Iranian Tankers Break US Oil Blockade Amid Diplomatic Developments

Ahmed Hassan, International Editor
4 Min Read
⏱️ 3 min read

In a bold move that signals Iran’s resolve, three Iranian tankers laden with crude oil have successfully navigated past the US-imposed blockade in the Gulf of Oman, according to ship-tracking data. This development comes on the heels of President Donald Trump’s announcement regarding the “immediate removal” of restrictions on Iranian ports, although US naval forces maintain that the blockade will remain until a formal agreement is reached in Switzerland this Friday.

Tankers Under Scrutiny

The three vessels, identified as Diona, Hero II, and Sonia I, are all flagged under Iran and owned by the National Iranian Tanker Company (NITC), which is currently under US sanctions. MarineTraffic data indicates that while Hero II and Sonia I departed from Iran’s Chabahar port earlier this week, Diona activated its location tracker only after crossing the blockade line.
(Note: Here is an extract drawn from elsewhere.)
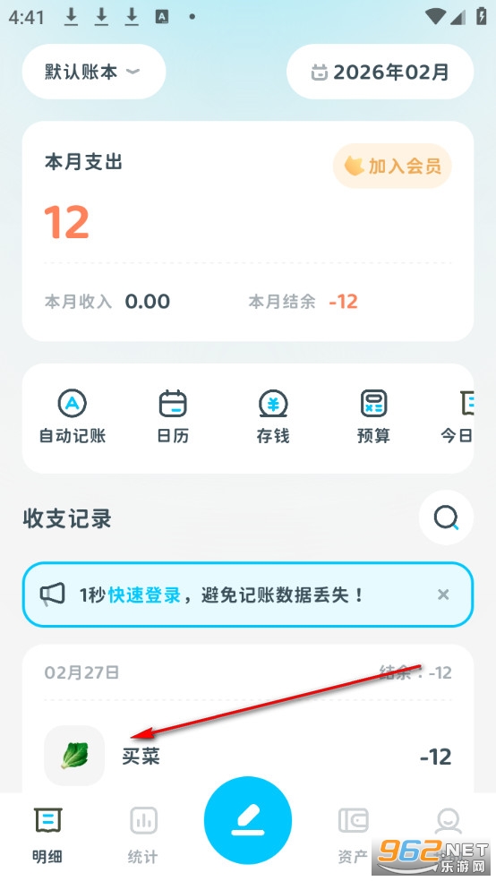 查看收支记录已添加。
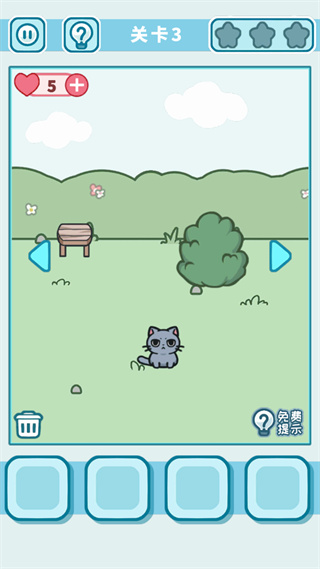 5、第5关这关一定要快!!!先去左边场景获取到飞镖、蝴蝶、草丛,然后等待一会气球飞来用飞镖将气球射爆获取到星星,再等一会会有第二个气球飞来,最后一颗星星在右边场景,点击木椅旁边的草丛即可完成收集3星,最后将草丛使用在猫咪上,在中间点击大草丛选择躲藏即可。

This marks a significant moment, as it is the first instance since March that Iranian tankers have broadcast their positions, suggesting a growing confidence in their operational freedom despite ongoing US restrictions.

The three tankers collectively carry approximately 3.8 million barrels of crude oil, though their specific destinations remain undisclosed. Notably, the US blockade has drastically reduced Iran’s crude exports to a mere 260,000 barrels per day in May, the lowest levels seen in six years.

Implications of US Sanctions

The backdrop to these maritime movements is a long-standing series of US sanctions directed at Iran, primarily aimed at curbing its nuclear programme, its affiliations with organisations classified as terrorist entities by Washington, and allegations of human rights violations. These sanctions have not only targeted the Iranian economy but have also strained its oil export capabilities. The current blockade has effectively limited Iran’s crude oil exports to less than a fifth of the anticipated average for 2025.

Despite the challenges posed by these sanctions, maritime intelligence firm Windward has reported an uptick in the activity of Iranian-linked tankers globally since the announcement of the upcoming US-Iran agreement. This heightened activity includes two other NITC-owned tankers, Dan and Sinopa, which have re-emerged in the Strait of Malacca, heading towards Iran after a prolonged absence from tracking platforms.

The Geopolitical Landscape

The US has previously indicated that enforcement of the blockade could extend beyond the Gulf, with American forces having intercepted Iranian assets in the Indian Ocean, far from the immediate area of concern. Reports also suggest that another tanker, Stream, has ceased broadcasting its location just before reaching the blockade line, hinting at a possible return to Iranian waters after circling near Karachi since early May.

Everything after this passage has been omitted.